Talent acquisition has been an enthusiastic early adopter of technology. That’s especially true of AI. In 2019 at the HR Technology Conference, I was stunned by the number of “AI for recruiting” vendors with gigantic booths.
While I might be naturally skeptical, I’m certainly no Luddite. AI has tremendous potential to transform one of the more challenging jobs out there: finding and selecting the right talent. The current zeitgeist of generative text or ChatGPT is all the rage. What could go right? What could go wrong? How can organizations avoid making a potentially damaging decision?
The Promise of ChatGPT in Recruiting
Great recruiters are great communicators, but they generally aren’t the types of communicators who are crafting bespoke content that takes hours to write. Instead, they must be high-volume and high-quality communicators.
So you can see why a tool that can naturally understand and respond to people would be so attractive. Assuming it was any good, it could help with the mountains of communication recruiters must manage — from managing outbound and inbound candidates to figuring out how to get a hiring manager and candidate connected. Maybe it could even help create job descriptions and advertising.
In theory, this automation could also help streamline and automate some of the more tedious tasks in talent acquisition. While GPT is good at reading information like resumes, there’s still not much research to show that it is reliable at doing tasks like force-ranking the candidates you should consider.
The Potential Pitfalls Await
You can’t deny there are potential benefits, even though I see the advantages of using actual people for all the tasks above. Still, there are challenges.
Recruiting data that you might train a potential GPT companion with has to be immaculate. Vendors that have worked in the trenches on this challenge already know the problem: There’s a lot of bad data in these systems and fixing it is nearly impossible. There’s no way to fake the outcomes you want.
While bias is the major and obvious concern, there’s another concern: A model doesn’t know what it doesn’t know. That feeling in the back of your head when you know you’re missing a key piece of data but don’t know what it is? AI is more likely to simply grade based on the information it has and not disclose the gap in thinking.

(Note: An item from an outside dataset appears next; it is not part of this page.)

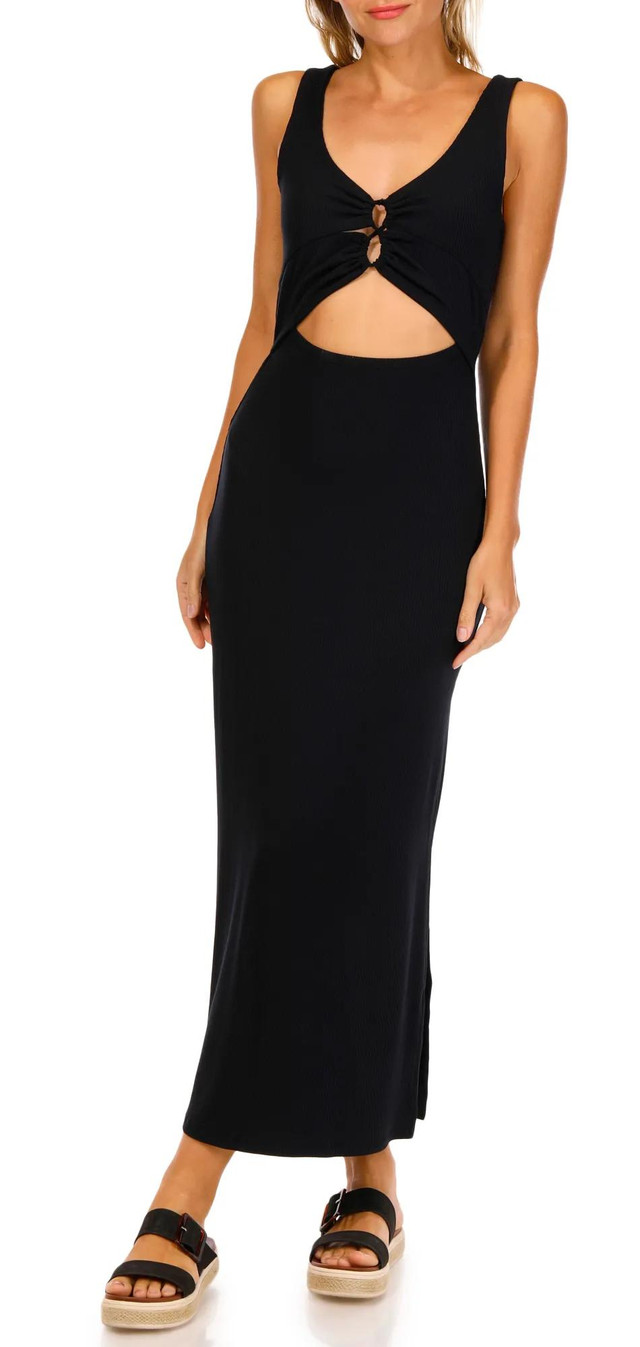This juniors sleeveless maxi dress features a solid color, v-neckline, side slit hem, ribbed texture, and a stylish cutout at the midsection. With its flattering fit and breezy length, it is perfect for warm days when you want to stand out with effortless style. Fabrication 92% rayon, 8% spandex
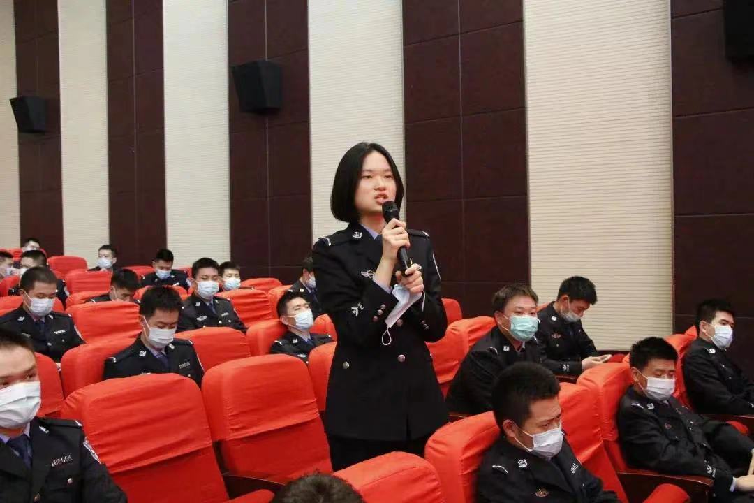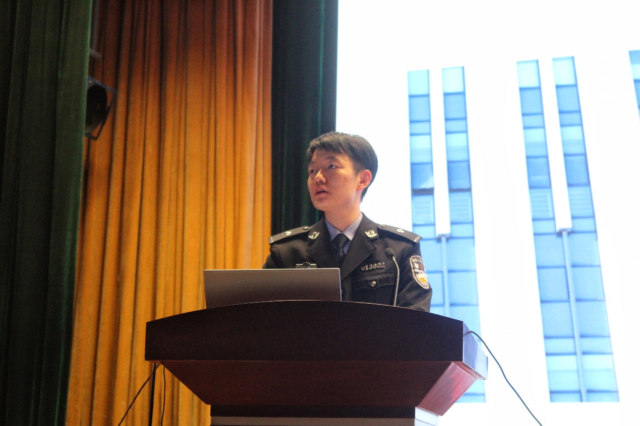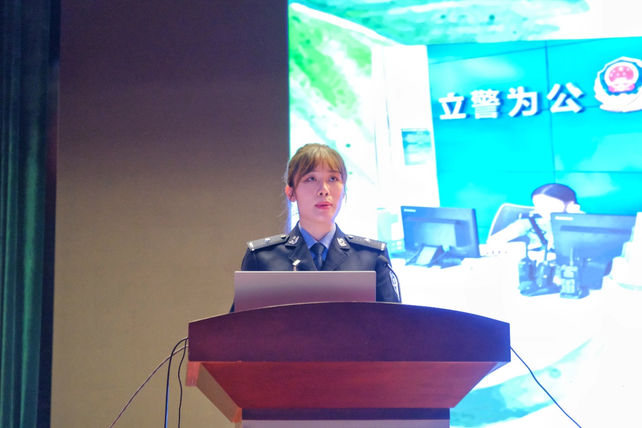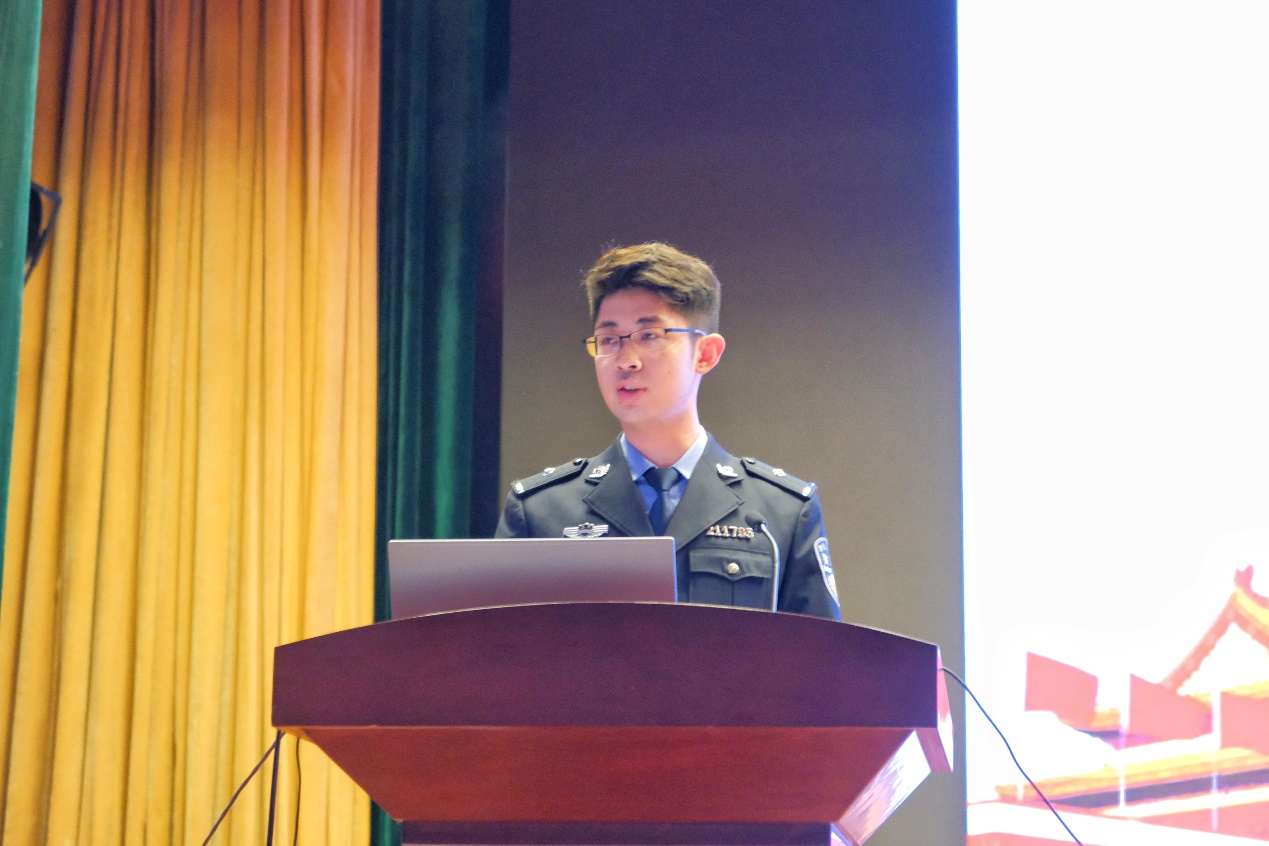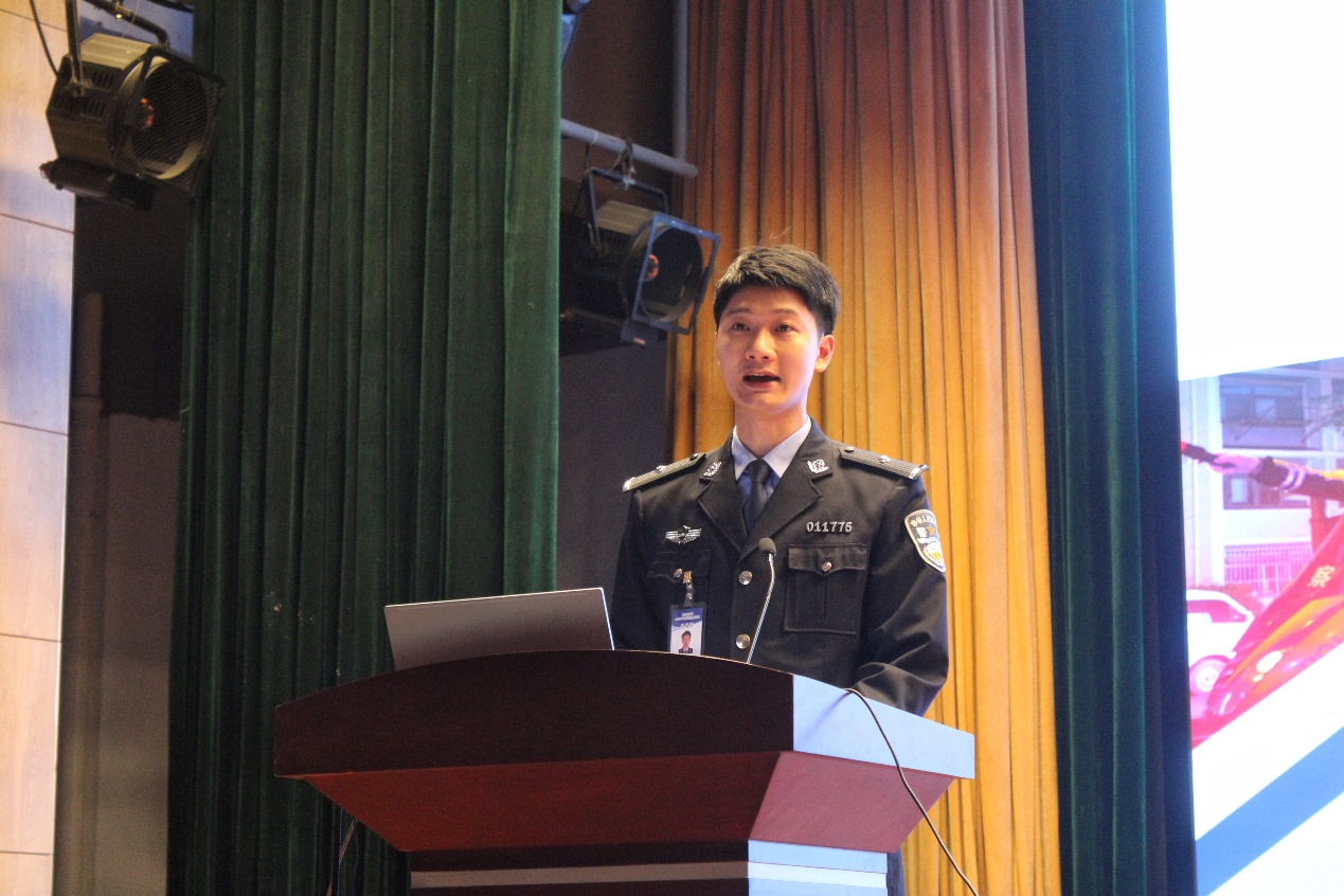 我曾经在玄武分局执法办案管理中心担任讲解员,当面对各级领导和同仁的调研考察时,总努力以最熟练的讲解保障活动的顺利进行。这么多年,公安工作的艰辛、困难、磨砺,给了我很深的感触。我非常庆幸在学校时期的勤学苦练,为走向岗位打下了扎实的基础。送给学弟学妹们一句话:愿吾辈青年,特别是在座的每一位预备警官,用自己的行动筑牢自己心中的警魂!

Just like with generative writing or art, there’s limited evidence suggesting people want to be led through a very human, vulnerable hiring process by a machine. While research shows that candidates are comfortable interacting with supportive chatbots, they may not be so keen on knowing that a chatbot decided to prioritize another resume over your own.
Is Generative AI the Real Problem?
While I can point fingers at all the ways that this approach is problematic, there’s also another reality to face.

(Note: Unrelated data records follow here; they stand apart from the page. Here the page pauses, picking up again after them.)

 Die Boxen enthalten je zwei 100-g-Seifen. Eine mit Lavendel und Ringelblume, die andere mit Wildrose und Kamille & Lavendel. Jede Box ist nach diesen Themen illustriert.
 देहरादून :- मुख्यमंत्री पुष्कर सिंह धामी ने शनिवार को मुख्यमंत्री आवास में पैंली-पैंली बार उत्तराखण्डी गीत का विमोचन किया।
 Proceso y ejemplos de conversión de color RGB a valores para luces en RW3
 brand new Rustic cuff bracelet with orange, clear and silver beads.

Not every recruiter is a great one. Some do a poor job at communication. Have you read a bad job description or advertisement? I’ve read thousands! Ever had a recruiter ghost you, even as a fellow recruiter? Of course you have.
Oftentimes, it’s not a capability problem but a training gap. This is ultimately why organizations can even consider using generative AI to replace certain recruiting tasks — if they were doing a great job consistently and they were adding value to the hiring process, you wouldn’t think of replacing it.

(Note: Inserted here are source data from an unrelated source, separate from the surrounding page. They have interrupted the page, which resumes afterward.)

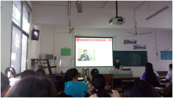 (通讯员 罗蓉)2015年6月24日下午,黄丽萍副书记在227教室为联系的2012—2013级本科生党支部上“三严三实”专题党课。
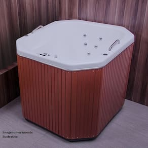 O Spa Astra Mônaco Super Luxo, confeccionado em Gel Coat, conta com cinco jatos principais de hidromassagem, que proporcionam sensações de massagem e relaxamento. Seu design oferece espaço para uma pessoa confortavelmente. O modelo tem sistema de aquecimento de fábrica. Acionamento Pneumático: Sim Acompanha Aquecedor: Sim Acompanha Motobomba: 01 Air Blower: Não Alças de Apoio: Opcional Altura: 78 cm Ambiente: Banheiro Apoio de Cabeça: Não Cascata: Não Certificado: Este produto possui certificado do INMETRO conforme portaria 351 Comprimento: 110 cm Cor: 110V Cor: 110V Dispositivo de Sucção: 02 Entrada de Água: Sim Entrada de Ar: Sim Formato: Quadrado Kit Hidráulico: Não Largura: 100 cm Necessita Instalação: Sim Possui Pés: Não Potência da Motobomba: 1/2CV Quantidade de Jatos da Hidromassagem: 02 Quantidade de Minijatos: 05 Sistema de Som: Não Tubulação de Água e Ar: Sim Válvula de saída de água: Sim
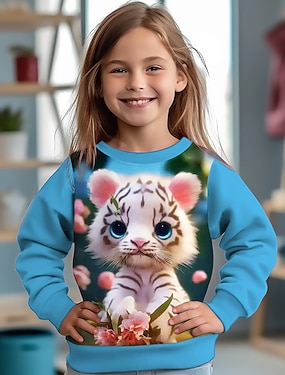 Flickor 3D Grafisk Tecknat Katt Tröja Långärmad 3D-tryck Sommar Höst Mode Streetwear Förtjusande Barn 3-12 år Utomhus Ledigt Dagligen Normal
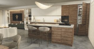 L’implantation en L offre une circulation fluide et une ergonomie parfaite, adaptée aux besoins du quotidien.
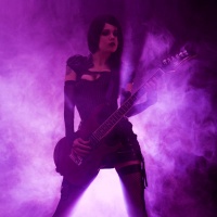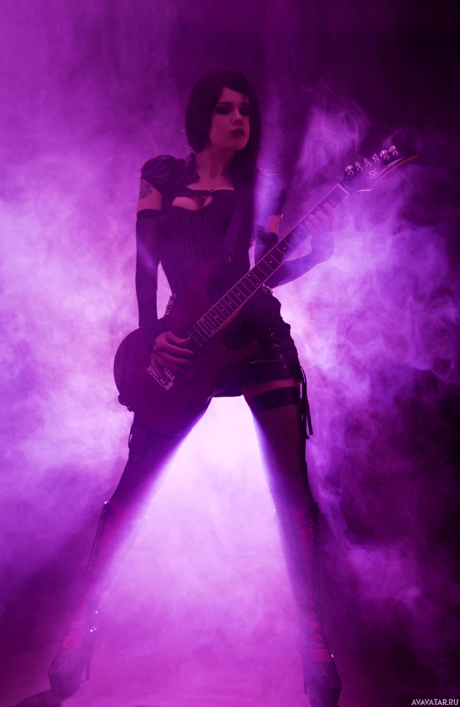 an electric guitar, indicating her role as a guitarist. The background features smoke or a similar
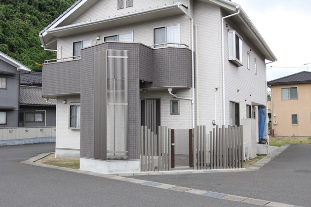 建物・玄関ドアのイメージに合わせて、角柱・門扉を選びました
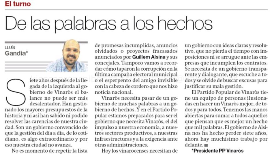 Vinaròs necesita pasar de un gobierno de muchas palabras a un gobierno de hechos. Y en el Partido Popular estamos preparados para ser el gobierno que necesita Vinaròs, el del impulso a nuestra economía, a nuestros sectores productivos, a nuestras infraestructuras y a la exigencia ante otras administraciones.
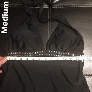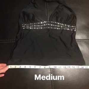 NWT Black tankini with metallic embellishments below the bust. Fold over bottom with same metallic embellishing on the waist. Great two piece swimwear. Other sizes available upon request.
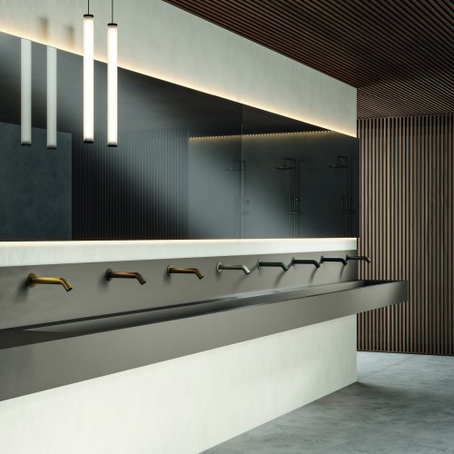 More hygiene. In fact, the faucet is used without direct hand contact, reducing the possibility of viruses and bacteria settling on its surface. The essential lines also make it easier to clean and maintain. More savings. Timed water supply ensures that the faucet is used only as long as necessary, avoiding waste. More resistance. Activating the faucet without touching it makes it less susceptible to accidental damage and prolongs its lifespan.
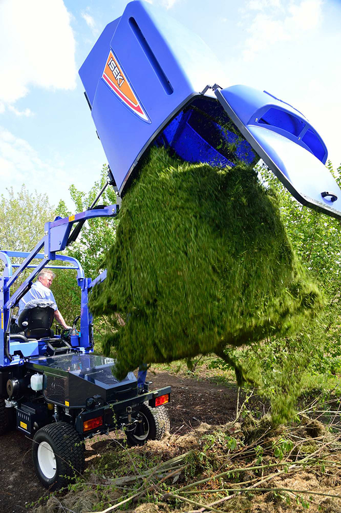 Beide Modelle sind mit einem 2-Messer-Mähwerk mit 137 oder 152 cm Schnittbreite, zentralem Heckauswurf sowie einem 1.300 l fassenden Grasaufnahmebehälter ausgerüstet. Die serienmäßige Hochentleerung ermöglicht eine Entleerungshöhe bis zu 2,10 m sowie eine Überladeweite von 380 mm. Damit lässt sich das Abladen des Mähgutes auf ein Fahrzeug zum anschließenden Abtransport in einem reibungslosen, zeiteffektiven Prozess bewerkstelligen.
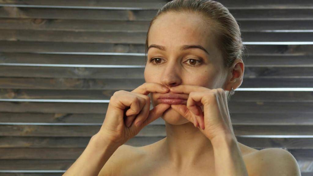 Массаж мышц у рта осуществляется методом надавливания на зону над верхней губой, направляясь к уголкам рта. Потом следует помассировать точку, которая расположена в центре, непосредственно под нижней губой

Organizations that take a lazy approach to equipping and managing talent acquisition will be the first to run to maximize the use of these technologies — and they might even do better because they never gave their people the chance.
A Human-First Approach to Recruiting with Generative AI
If you’re doing hiring right (or you want to do it right), it’s crucial to take a human-first approach when integrating generative AI (or any other AI technology) into your recruiting process. Here’s how organizations can strike the right balance between AI and human involvement:
Be transparent with candidates. The research on chatbots for support is clear: Let people know a machine is doing some of the work but that humans are available as well. Ultimately, you should let candidates know how you’ll be using AI-assisted tools, just as you would communicate other aspects of the hiring process.
Use AI as a tool, not a replacement. You can’t replace people in the hiring process, so keep that in mind as you’re investigating solutions. Most organizations’ recruiting teams welcome technology assistance to improve their work rather than feel like they are competing for their job.
Continuously monitor and evaluate AI performance. There’s no doubt that generative AI is here to stay and that it will improve but organizations have an obligation to monitor performance. This is especially critical early on, especially from a legal perspective, to ensure your hiring process is fair and effective.
It’s an exciting time to be in talent acquisition, and everybody is looking to make use of these innovative new tools. But in the rush to be first or to get the new shiny thing, remember to keep your perspective on the hiring process for candidates, hiring managers, and your fellow recruiters.
It’s ultimately your call to find the right balance of technology and human touch for your individual organization. By focusing on keeping people at the center of our processes, we can continue to create innovative experiences for all.